### Try it
With pictures omitted, restate the data word for word.
───── Information shown ─────
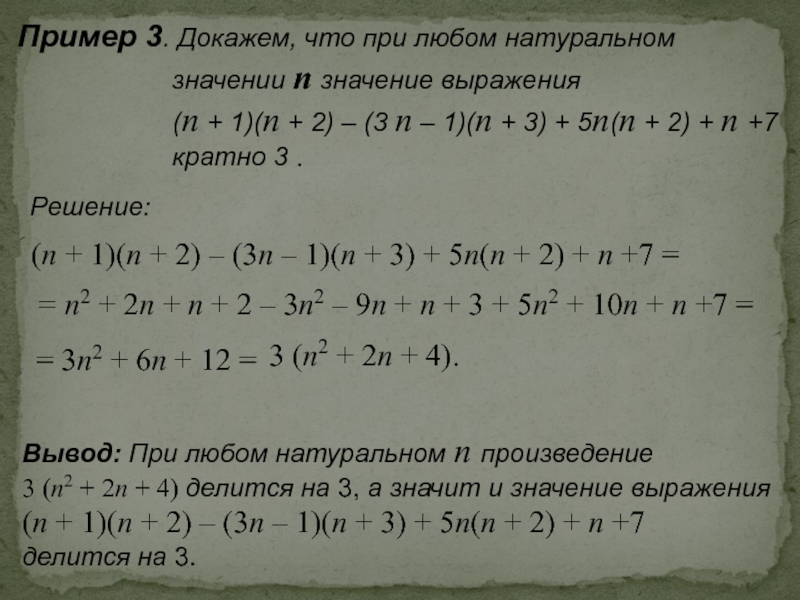 3 (п2 + 2п + 4) делится на 3, а значит и значение выражения
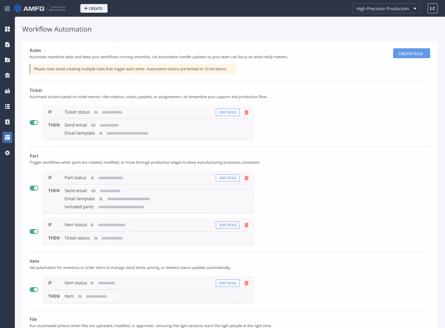 You can build automation routines directly in AMFG’s interface using drag-and-drop logic, triggers, and conditions to connect every step of your production workflow.
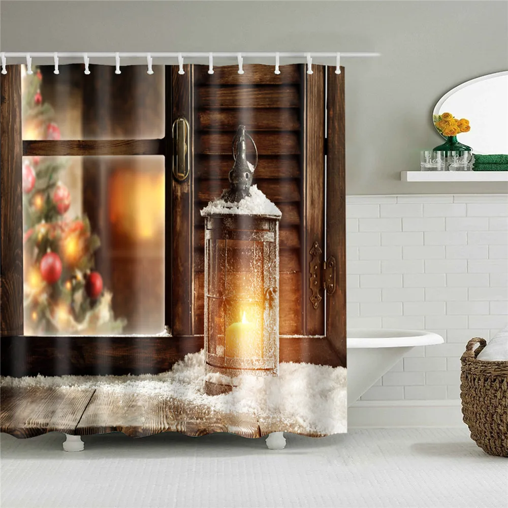 Занавеска для душа из полиэстера, водонепроницаемая, с рождественск...
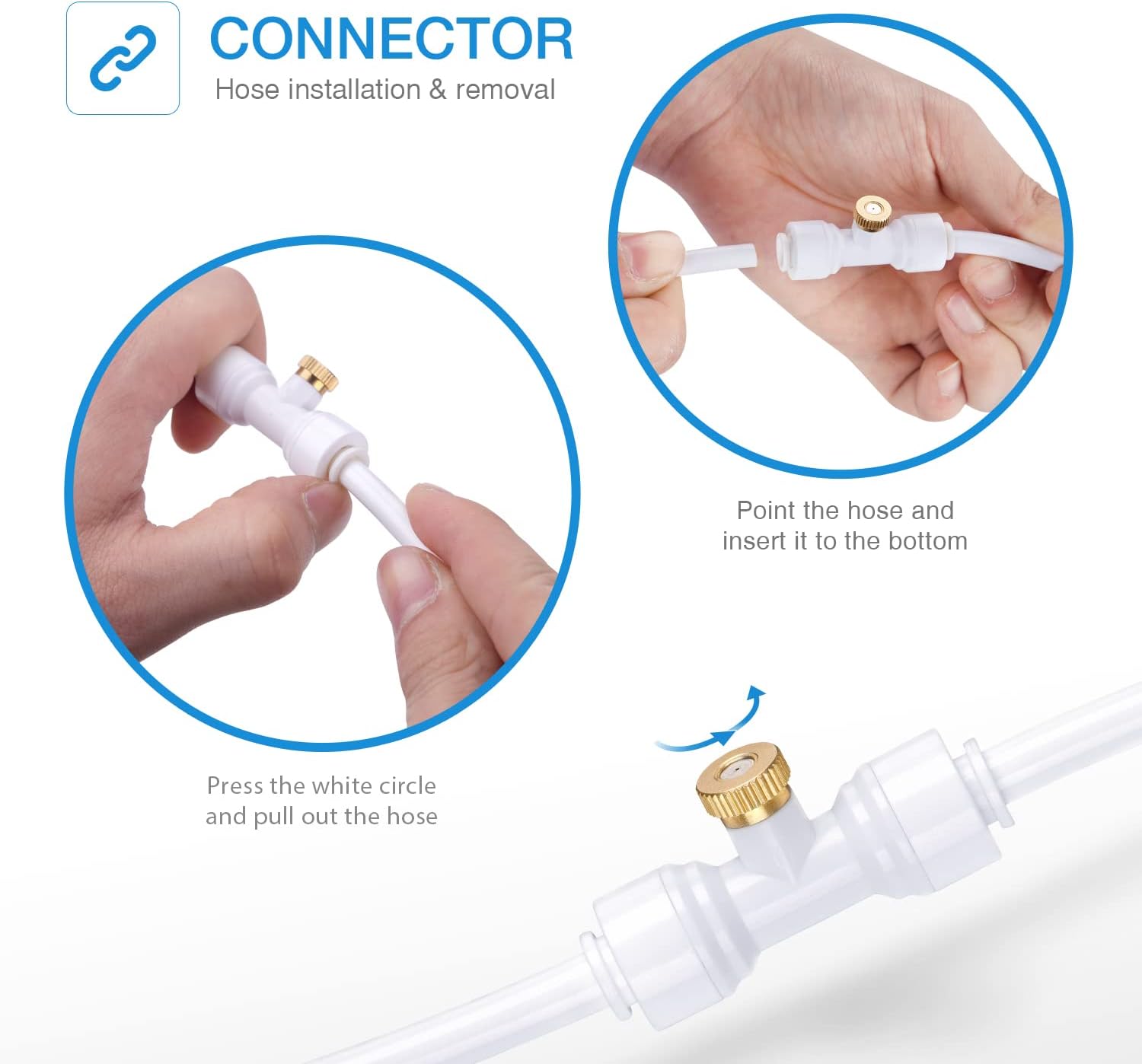 - Easy to Install: Instruction is included. Just need 2 steps in 3 seconds to set up the mister nozzles. NOTE: Recommended to fully and firmly insert the tubing into the tee connector to prevent leaking
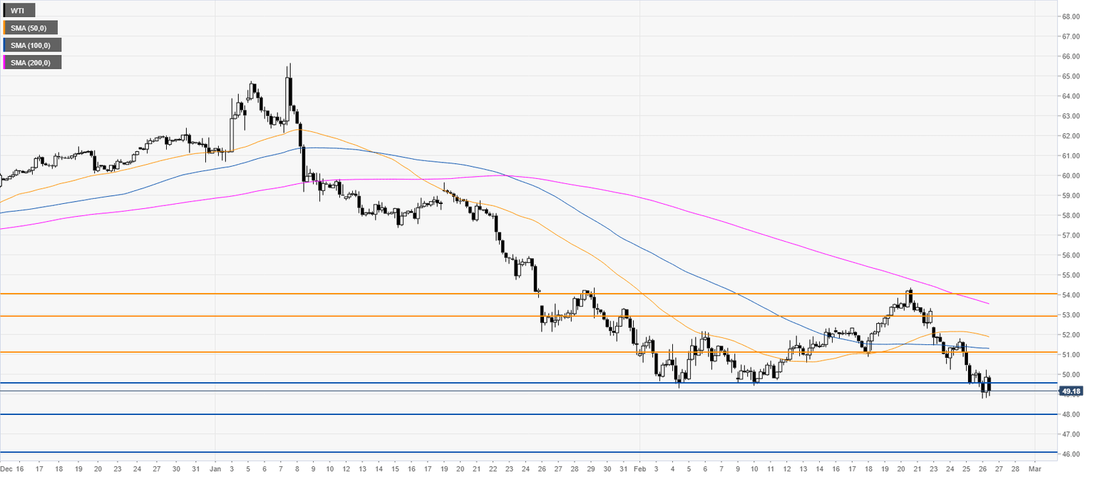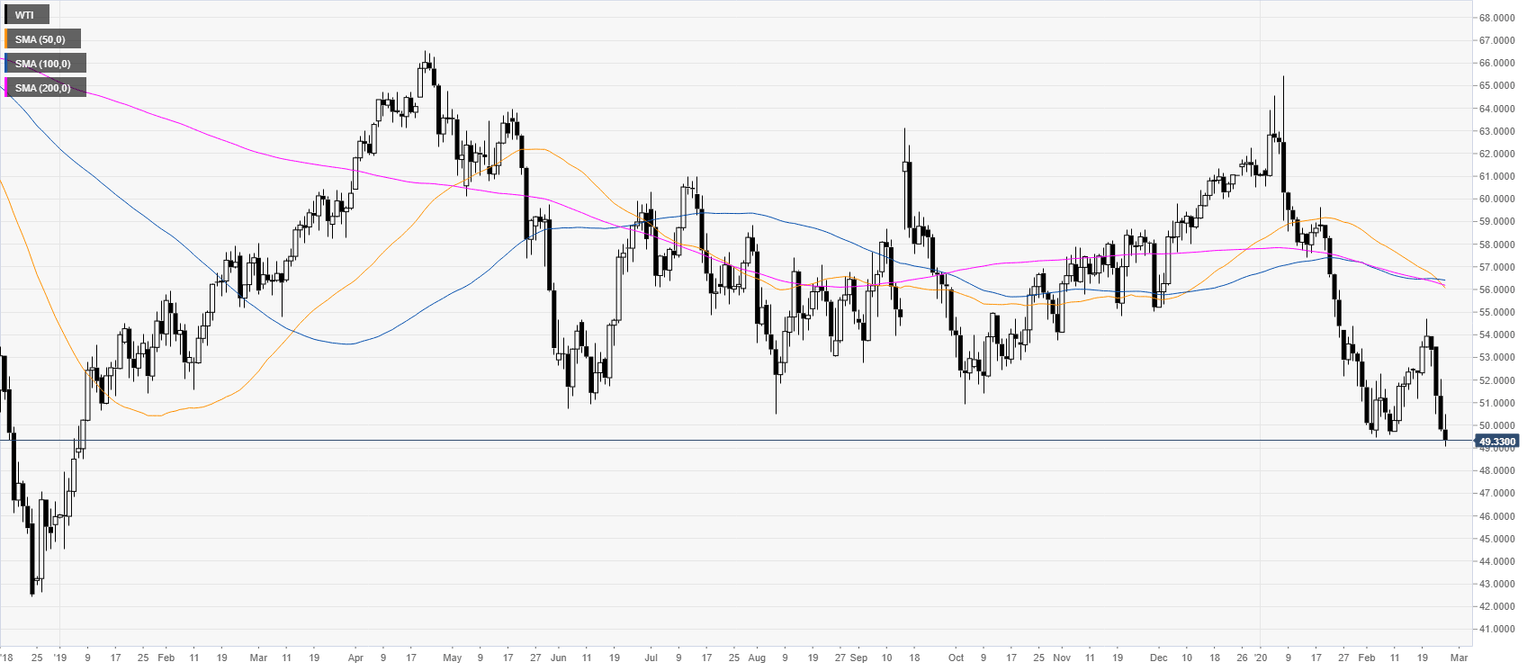 Oil Price Analysis: WTI trades at its lowest since January 2019
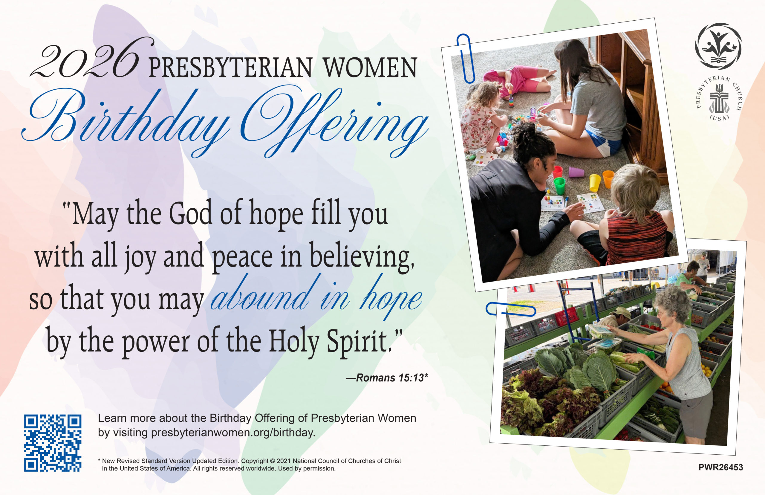 Use the poster/placemat to promote the 2026 Birthday Offering—on a bulletin board or table!
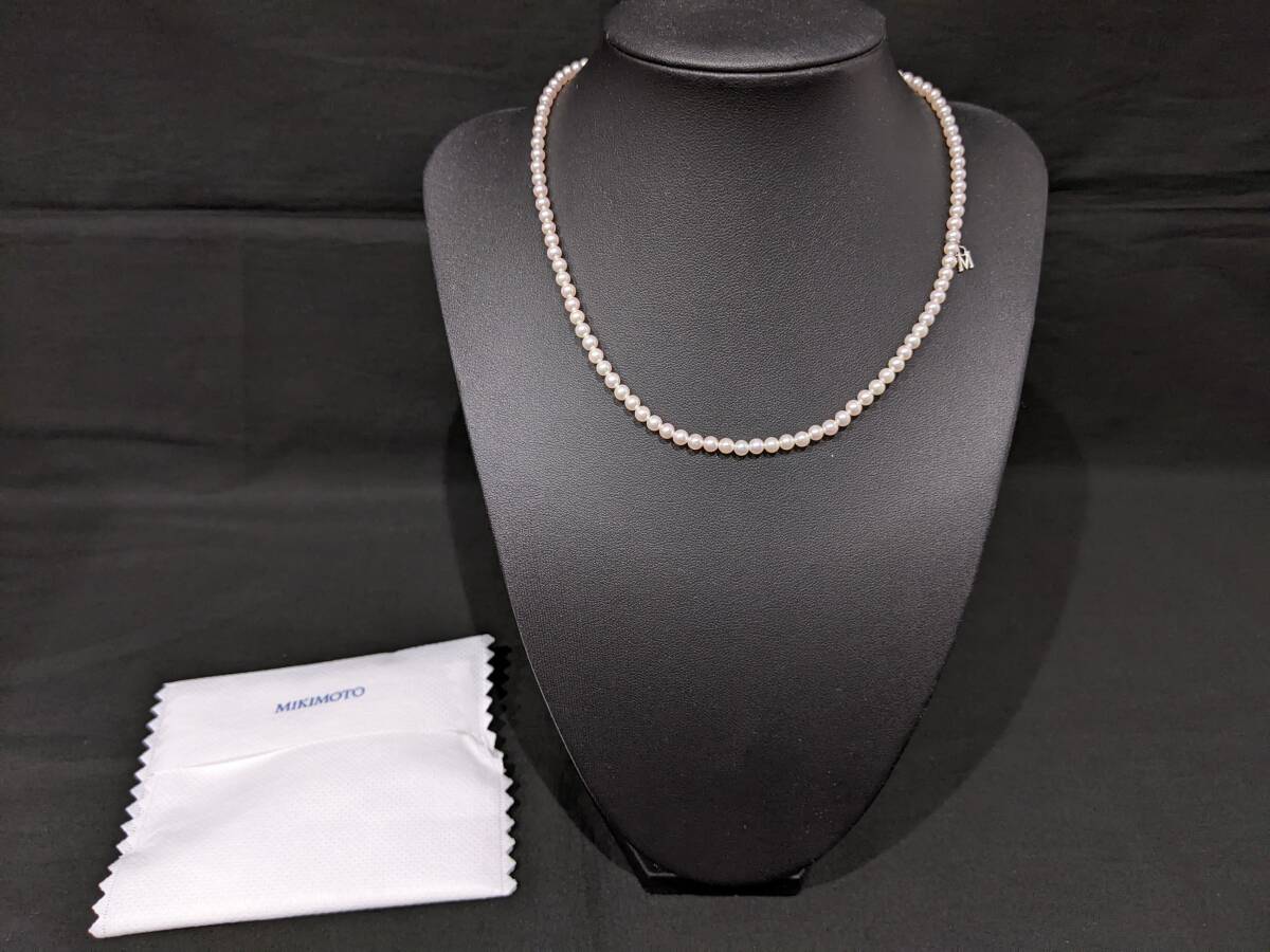 > 【69075】SIL刻印 MIKIMOTO ミキモト チャーム付き パールネックレス 3.5mm前後 ブランドアクセサリー 真珠 保存袋付
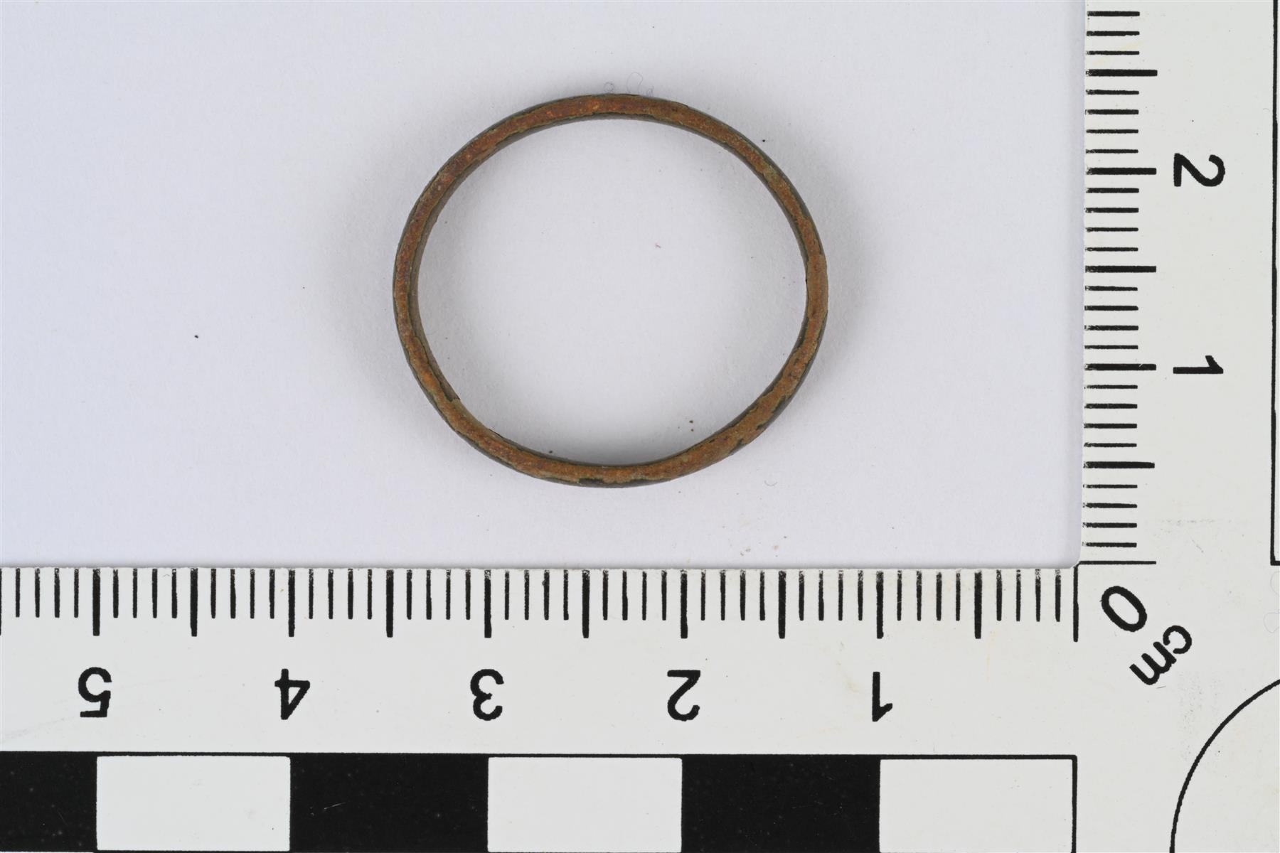 | Yksinkertainen tasalevyinen sileä kupariseossormus. Litistynyt hieman soikeaksi, halkaisija 20-22 mm. | |
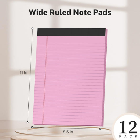 Pink Legal Pads 8.5 x 11, Notepads 8.5 x 11, Wide Ruled, 12 Pack Pink Note Pads 8.5 x 11, Pink Paper 8.5 x 11, Legal Size Paper, 30 Sheet/Notepad, Lined Paper, Writing Pads for Study, Office, Home
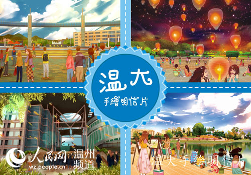 人民网温州6月13日电 毕业季,小宝影院 化材学院大三的孙梦梦和她的团队用画笔创作出属于自己的“画纸上的温大。”这本为母校创作的手绘明信片,近日疯传于线上线下,网友直呼“这毕业礼超有爱!”
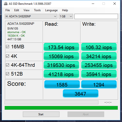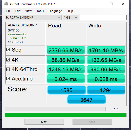 In AS SSD, the ADATA XPG SX8200 averaged a score of 3647 points. Performance comes in a little lower in this test, which is normal. Sequential performance reports as nearly 2.8GB/s read and 1.7GB/s write. 4K performance is very good again and the copy benchmark results are very fast.
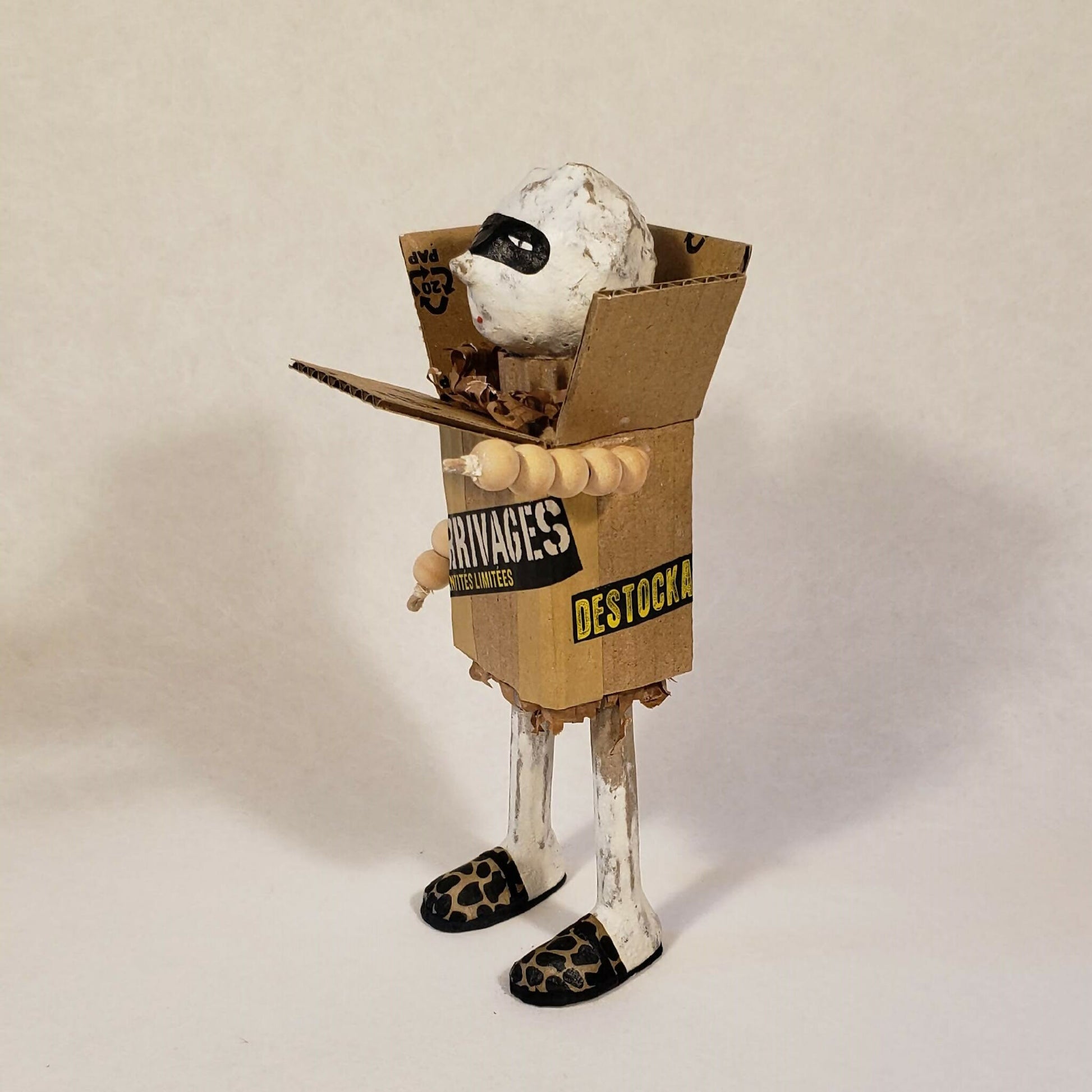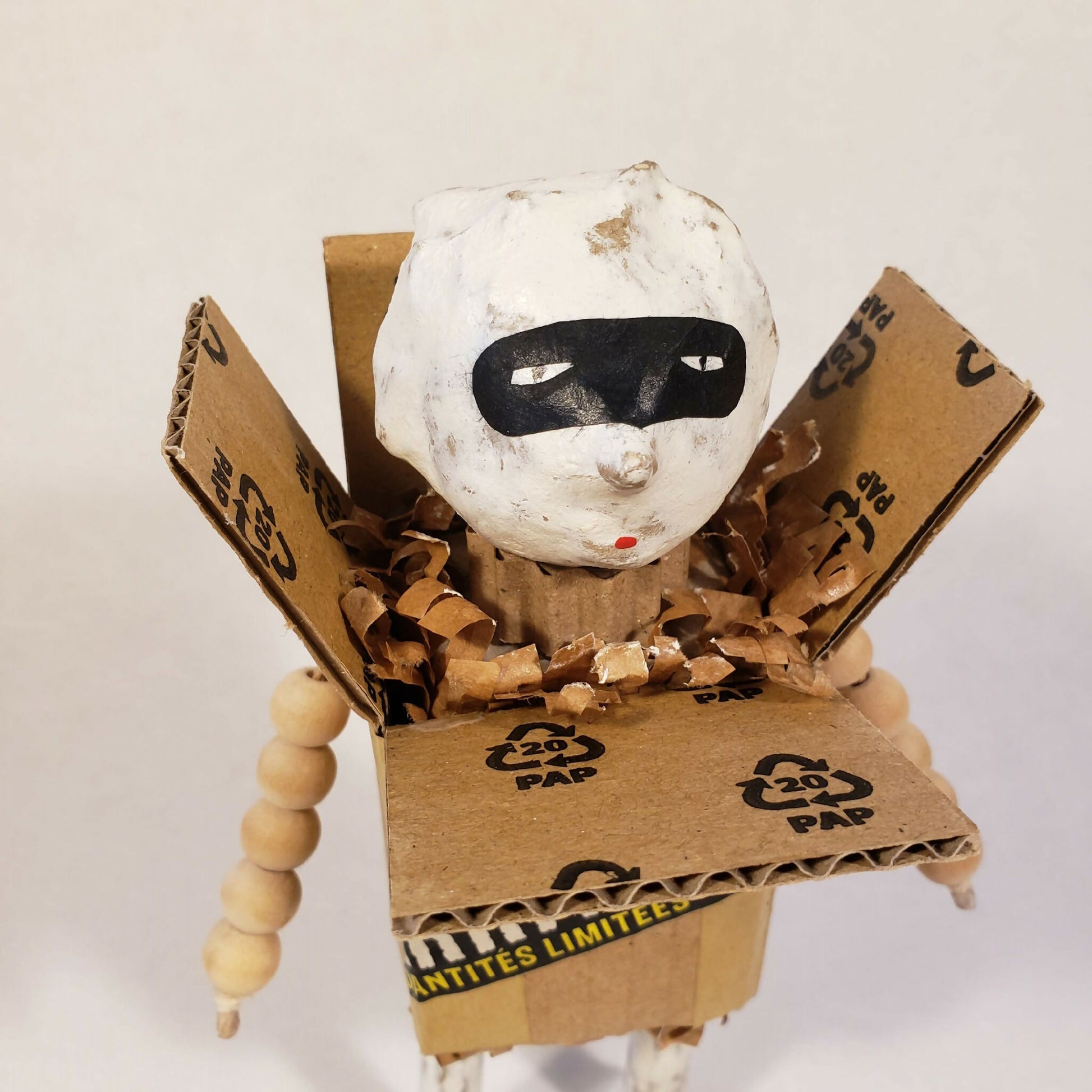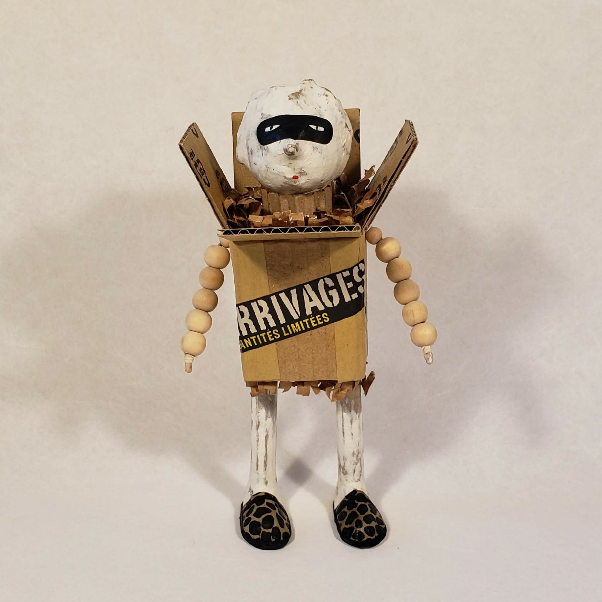 Petit colis est un petit personnage masqué, enveloppé d'un carton, timbré, étiqueté. Ses bras en perles de bois dépassent sur les côtés, ses pieds sont chaussés de savates panthère.
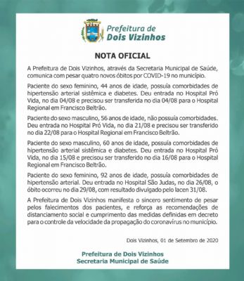Dois Vizinhos confirma mais quatro mortes por Covid-19
─────
### Output for this exercise
 3 (п2 + 2п + 4) делится на 3, а значит и значение выражения
 You can build automation routines directly in AMFG’s interface using drag-and-drop logic, triggers, and conditions to connect every step of your production workflow.
 Занавеска для душа из полиэстера, водонепроницаемая, с рождественск...
 - Easy to Install: Instruction is included. Just need 2 steps in 3 seconds to set up the mister nozzles. NOTE: Recommended to fully and firmly insert the tubing into the tee connector to prevent leaking
 Oil Price Analysis: WTI trades at its lowest since January 2019
 Use the poster/placemat to promote the 2026 Birthday Offering—on a bulletin board or table!
 > 【69075】SIL刻印 MIKIMOTO ミキモト チャーム付き パールネックレス 3.5mm前後 ブランドアクセサリー 真珠 保存袋付
 | Yksinkertainen tasalevyinen sileä kupariseossormus. Litistynyt hieman soikeaksi, halkaisija 20-22 mm. | |
 Pink Legal Pads 8.5 x 11, Notepads 8.5 x 11, Wide Ruled, 12 Pack Pink Note Pads 8.5 x 11, Pink Paper 8.5 x 11, Legal Size Paper, 30 Sheet/Notepad, Lined Paper, Writing Pads for Study, Office, Home
 人民网温州6月13日电 毕业季,小宝影院 化材学院大三的孙梦梦和她的团队用画笔创作出属于自己的“画纸上的温大。”这本为母校创作的手绘明信片,近日疯传于线上线下,网友直呼“这毕业礼超有爱!”
 In AS SSD, the ADATA XPG SX8200 averaged a score of 3647 points. Performance comes in a little lower in this test, which is normal. Sequential performance reports as nearly 2.8GB/s read and 1.7GB/s write. 4K performance is very good again and the copy benchmark results are very fast.
 Petit colis est un petit personnage masqué, enveloppé d'un carton, timbré, étiqueté. Ses bras en perles de bois dépassent sur les côtés, ses pieds sont chaussés de savates panthère.
Dois Vizinhos confirma mais quatro mortes por Covid-19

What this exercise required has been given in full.